Anyway, I can confirm this. Mozilla/5.0 (Windows; U; Windows NT 5.1; en-US;
rv:1.6) Gecko/20040113

Comment 2

[chris hofmann]

adding wtc..  seems like more of nss thing than psm.  should this be security
sensitive?

Comment 3

[Nelson Bolyard (seldom reads bugmail)]

I'm removing the security sensitive flag, because mozilla's behavior is 
exactly as designed and intended, and has been essentially the same 
ever since Communicator 4.0.  It's been documented for about 8 years.
See http://wp.netscape.com/eng/security/comm4-cert-download.html

A PKCS7 file of certs is supposed to contain a single cert chain, not a
collection of potentially unrelated certs.  

When downloading a set of certs and trusting it, one is making a fundamental
decision about trust.  The idea being put forth by the submittor is that a
given set of certs may contain some trustworthy and some untrustworthy certs.
But in that case, one must conclude that the source of that set of certs is
not entirely trustworthy.  

At most, this is a request for enhancement, asking that mozilla impose more
effort on the part of the user in making trust decisions.  There is much
debate now (in the mozilla public crypto newsgroup) about whether mozilla
imposes too much or too little responsibility on the end users, and whether
it offers too much or too little info for those decisions.  It is widely
observed that most users click through all security dialogs without reading
them.  The best solution is probably to give the users fewer decisiosn to 
make, less rope with which to hang themselves.  

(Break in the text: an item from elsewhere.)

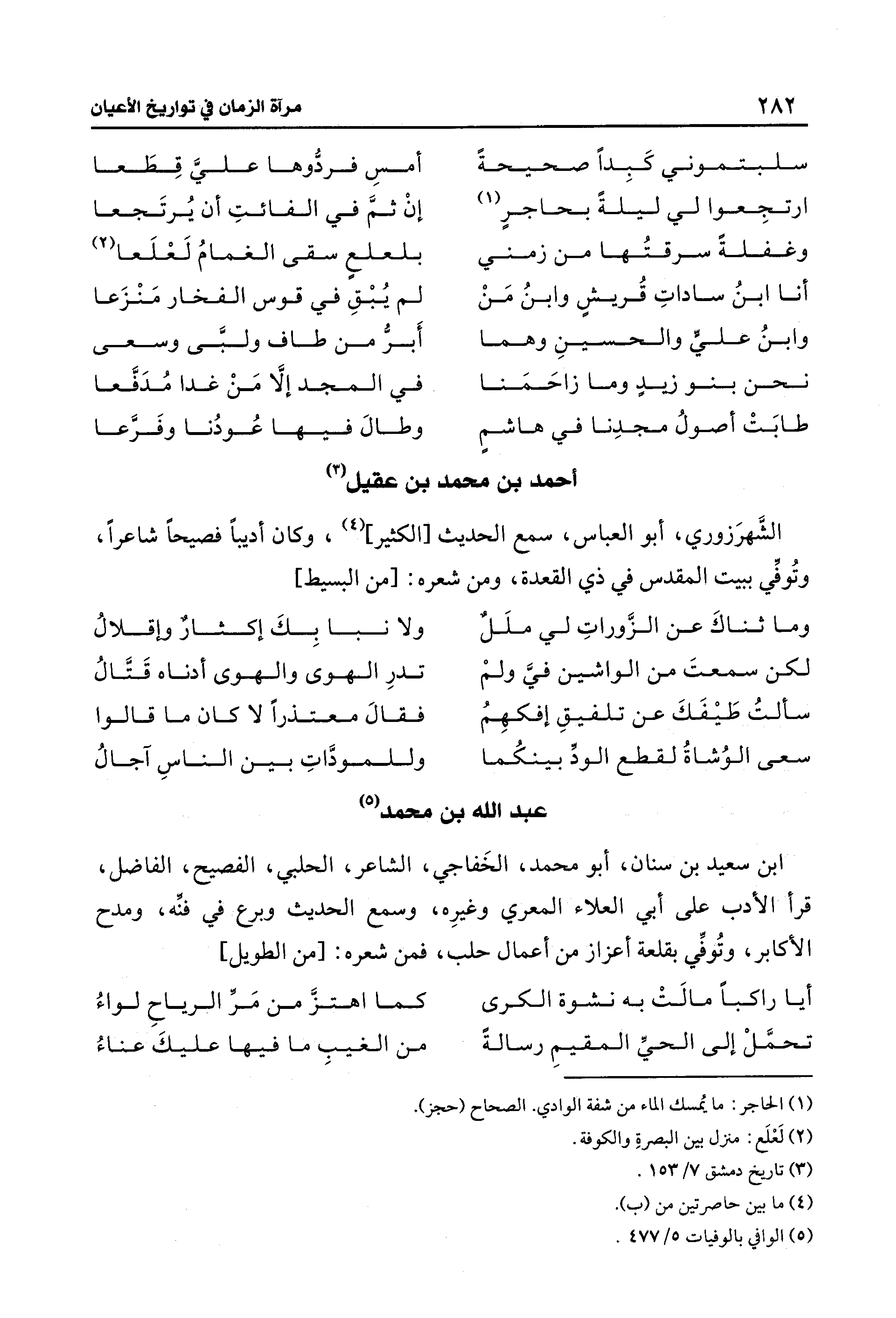 ابن سعيد بن سنان، أبو محمد، الخَفاجي، الشاعر، الحلبي، الفصيح، الفاضل، قرأ الأدب على أبي العلاء المعري وغيرِه، وسمع الحديث وبرع في فنِّه، ومدح الأكابر، وتُوفِّي بقلعة أعزاز من أعمال حلب، فمن شعره: [من الطويل]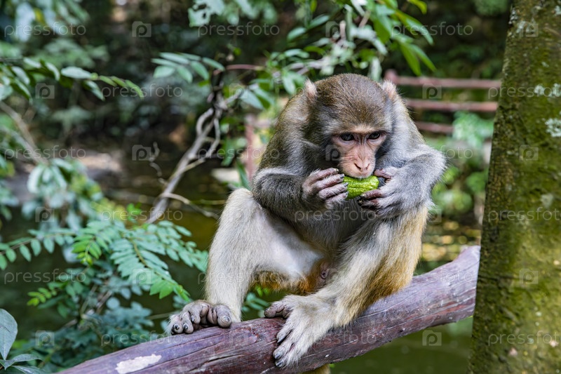 Макака ест лотос на ограждении среди зеленой листвы

In any case, this this correctly a PSM bug because it requests UI changes.
If additional NSS APIs are needed, the RFE for those APIs should come from
the PSM developer.

Comment 4

[karlsen]

Hi Nelson,

referring to ftp://ftp.rsa.com/pub/pkcs/ascii/pkcs-7.asc I think that multiple
root certificates should be possible within a single PKCS#7 file and be
processed as a sequence of single root certs... The processing of sub-CA certs
is OK.

Cheers

Reimer

Quote:

SignerInfos ::= SET OF SignerInfo

The fields of type SignedData have the following meanings:
[...]          
     o    certificates is a set of PKCS #6 extended
          certificates and X.509 certificates. It is
          intended that the set be sufficient to contain
          chains from a recognized "root" or "top-level
          certification authority" to all of the signers in
          the signerInfos field. There may be more
          certificates than necessary, and there may be
          certificates sufficient to contain chains from two
          or more independent top-level certification
          authorities. There may also be fewer certificates
          than necessary, if it is expected that those
          verifying the signatures have an alternate means
          of obtaining necessary certificates (e.g., from a
          previous set of certificates).